A command like "printf nonewline | sed s/x/y/" does not print a
concluding newline, whereas "printf nnl | string replace x y" does.
This is an edge case -- usually the user input does have a newline at
the end -- but it seems still better for this command to just forward
the user's data.

Teach most string subcommands to check if stdin is missing the trailing
newline, and stop adding one in that case.
This does not apply when input is read from commandline arguments.

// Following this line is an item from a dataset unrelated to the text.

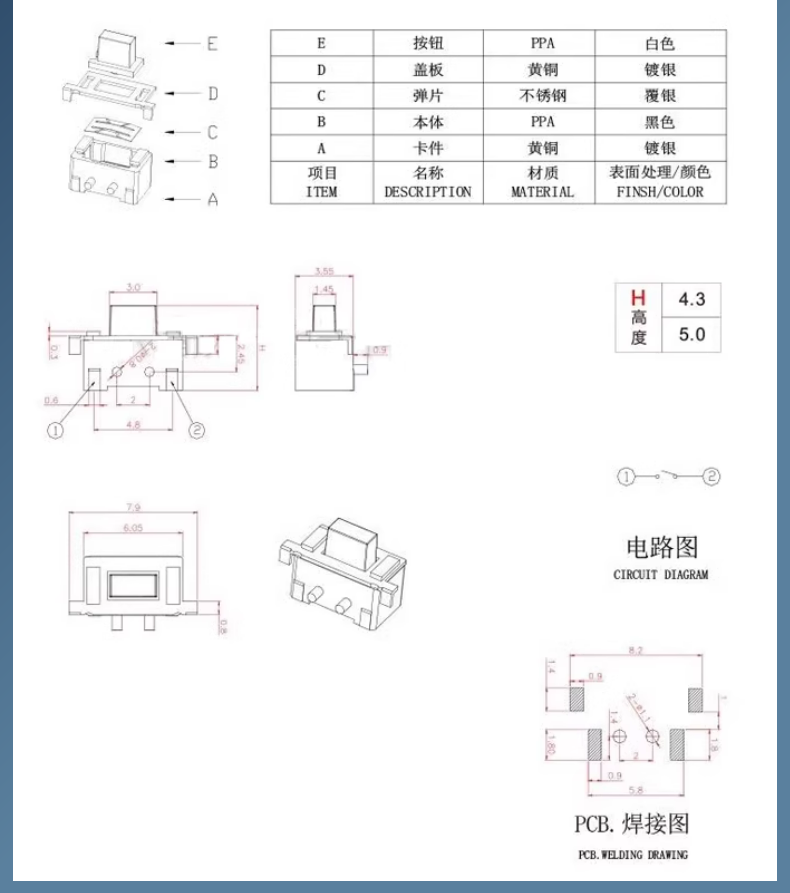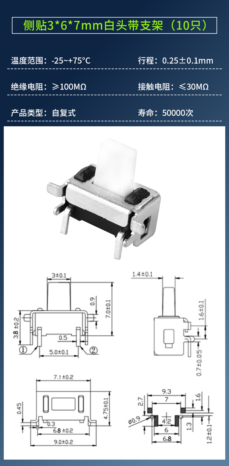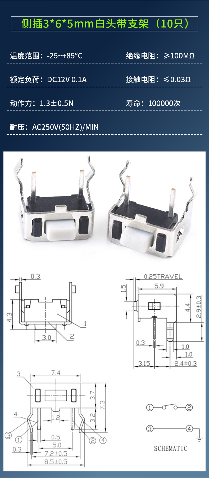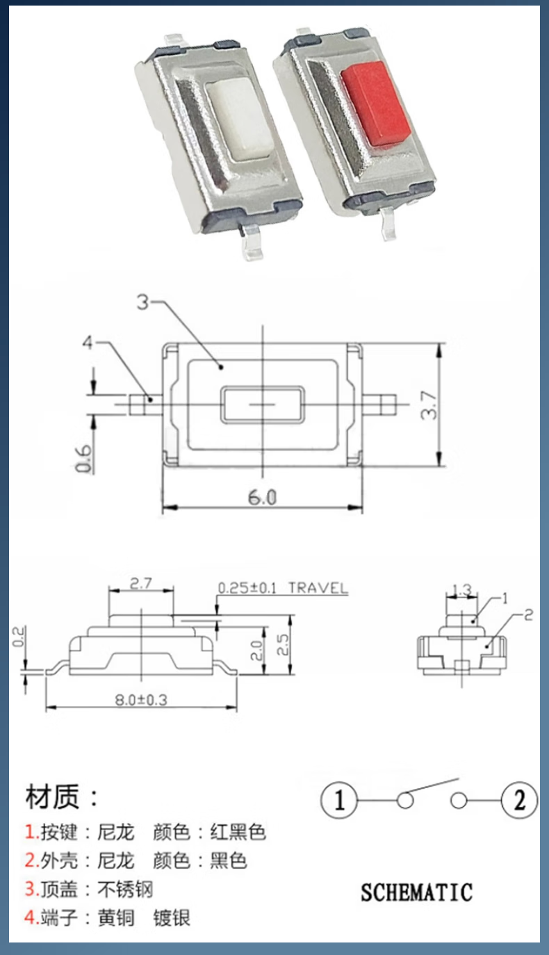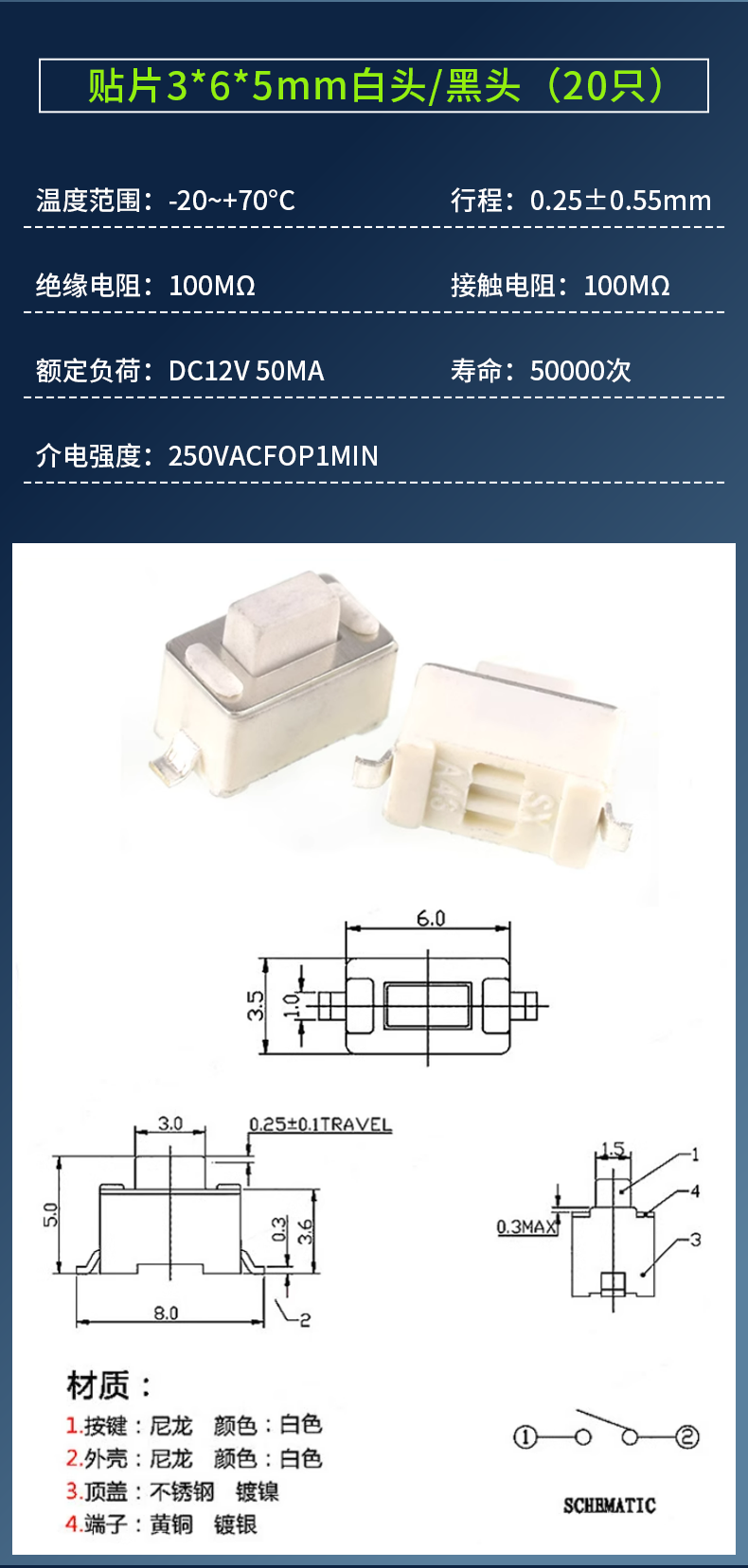 3*6*4.3/5/7/2.5/3.5MM light touch button micro switch patch straight plug side with bracket side 2 pins straight plug 3*6*4.3mm white head (20 pieces) No Specifications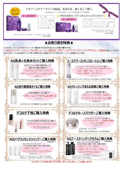 【KOSE】DressCode店限定特典★ 16,500円(税込)以上お取り置きでAQヘアケアサンプル12回プレゼント!|ザ・コスメティックテラス・タシロ(横浜/蒲田/新宿)

  • Most subcommands stop adding the final newline, because they don't
    really care about newlines, so besides their normal processing,
    they just want to preserve user input. They are:

    • string collect
    • string escape/unescape
    • string join¹
    • string lower/upper
    • string pad
    • string replace
    • string repeat
    • string sub
    • string trim
  • string match keeps adding the newline, following grep. Additionally,
    for string match --regex, it's important to output capture groups
    separated by newlines, resulting in multiple output lines for an
    input line. So it is not obvious where to leave out the newline.

  • string split/split0 keep adding the newline for the same reason --
    they are meant to output a number of lines for each input line.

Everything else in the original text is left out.